Ashobiyah, atau yang kita pahami sebagai sikap fanatisme kelompok, harus semakin ditekan antar kelompok-kelompok di tengah umat Islam. Sambil terus meningkatkan literasi Islam dan literasi keuangan kelompok-kelompok umat. Hadist RasululLah SAW:

“Bukan dari golongan kami yg berdakwah kepada ashobiyah, bukan dari golongan kami yang berjuang dalam kerangka ashobiyah. Bukan dari golongan kami yg mati dalam kerangka ashobiyah”.

Trend terkini mengenai penggambaran arti ashobiyah adalah fanatisme terhadap suku, kelompok, golongan, ajaran, jamaah, dan lain-lain.

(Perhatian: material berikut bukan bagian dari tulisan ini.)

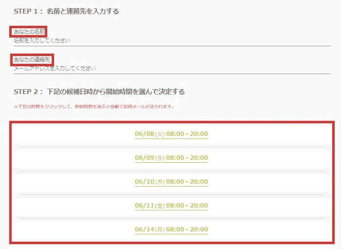 名前」「メールアドレス」を入力し、候補日から選びます。

Pada titik inilah arah kerja Yayasan Keluarga Muslim (YKM) FEUI dibentuk berdasarkan pada 3 Prinsip Kerja YKM, yaitu:
1. Literasi Islam,
2. Literasi Keuangan dan
3. Upaya menekan ashobiyah dalam kelompok umat dan mendekatkan antar kelompok umat.

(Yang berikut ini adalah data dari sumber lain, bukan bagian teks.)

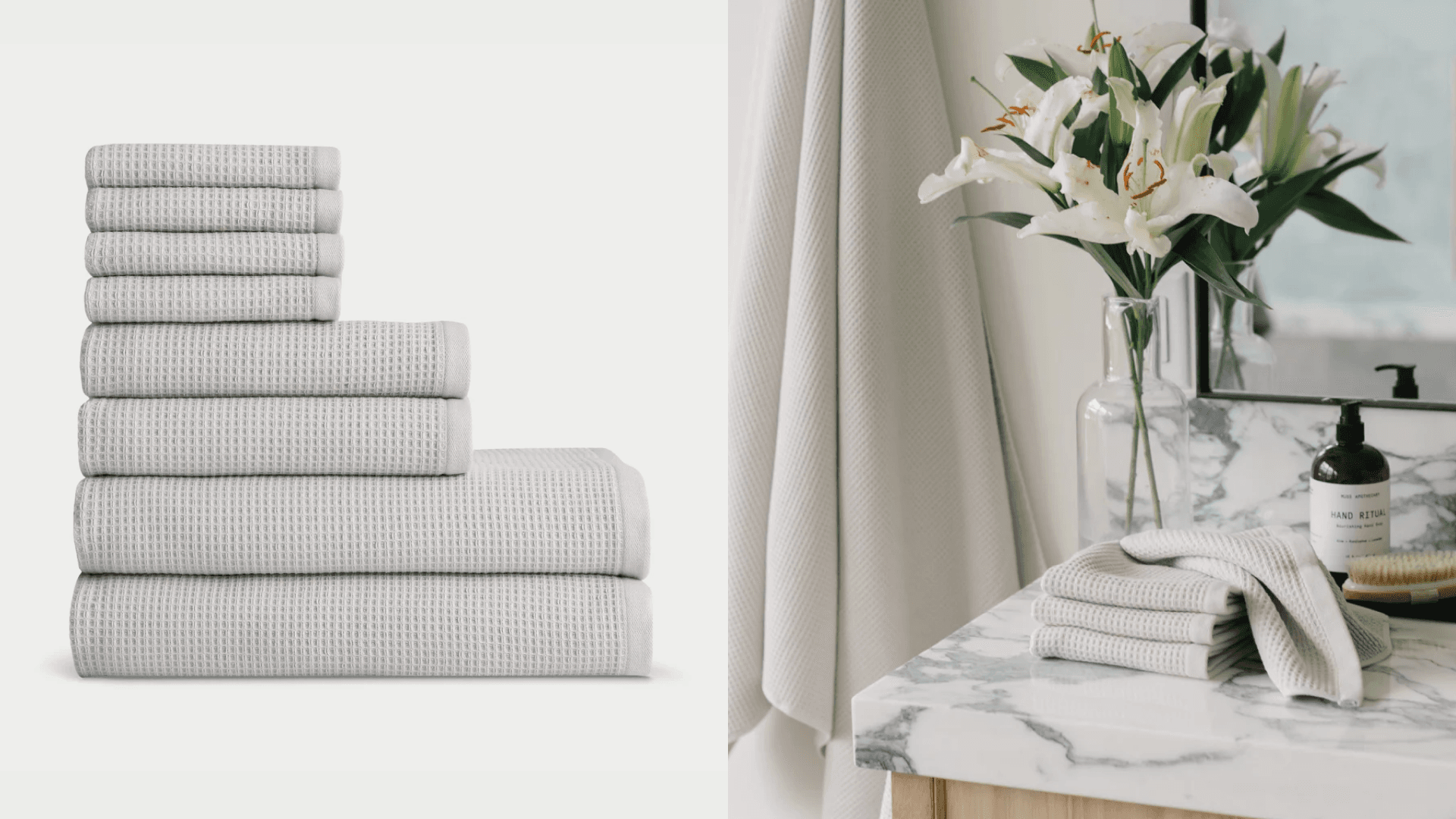 This waffle set, which includes four washcloths, two hand towels, and two bath towels, is made from a blend of cotton and bamboo viscose. While the modern waffle design might not look super soft, the inside of these towels is gentle, ribbed terry that feels great on the skin. Plus, the brand says they get softer with every wash.

“Sesungguhnya orang-orang yang beriman itu hanyalah orang-orang yang percaya (beriman) kepada Allah dan Rasul-Nya, kemudian mereka tidak ragu-ragu dan mereka berjuang (berjihad) dengan harta dan jiwa mereka pada jalan Allah. Mereka itulah orang-orang yang benar.” (QS 49: 15)

QS 49: 15, meminta kita berjuang sehingga sampai pada posisi:
1. Tidak ada keraguan sedikitpun dengan Islam (literasi Islam),
2. Berjuang dengan amwal (uang, harta, literasi keuangan) dan anfus (sumber daya manusia).
Karena kita berbicara dakwah, salah satu hal mendasar dalam dakwah, tak boleh menyebarkan prinsip ashobiyah dalam ukhuwah islamiyah.

SDM yang banyak tidak ada manfaatnya jikalau masing-masing kelompok menganut prinsip ashobiyah, dan jauh dari ukhuwah. Hadist Rasul SAW menggambarkan hal ini, akan datang suatu zaman dimana umat Islam itu mayoritas tapi diperebutkan oleh musuh-musuh Islam bagai orang memperebut hidangan.

Generasi Sahabat merupakan contoh terbaik dalam menghadapi praktek-praktek ashobiyah. Ketika para sahabat memperkenal diri dengan Bin Fulan dan dan masing-masing memperkenalkan diri dari suku mana. Abu Bakar Ash Shiddiq as memperkenalkan diri dengan pernyataan berikut : Abu Bakar bin Islam, minal Islam. Abu Bakar putra Islam dari Suku Islam.

Ketika salah seorang sahabat memanggil Bilal bin Rabah denang sebutan “bin Habsyi”, putra dari suku Habsy. Rasul SAW merah padam mukanya, seraya beliau berkata, “kenapa dalam diri kalian masih ada sifat2 jahiliyah.”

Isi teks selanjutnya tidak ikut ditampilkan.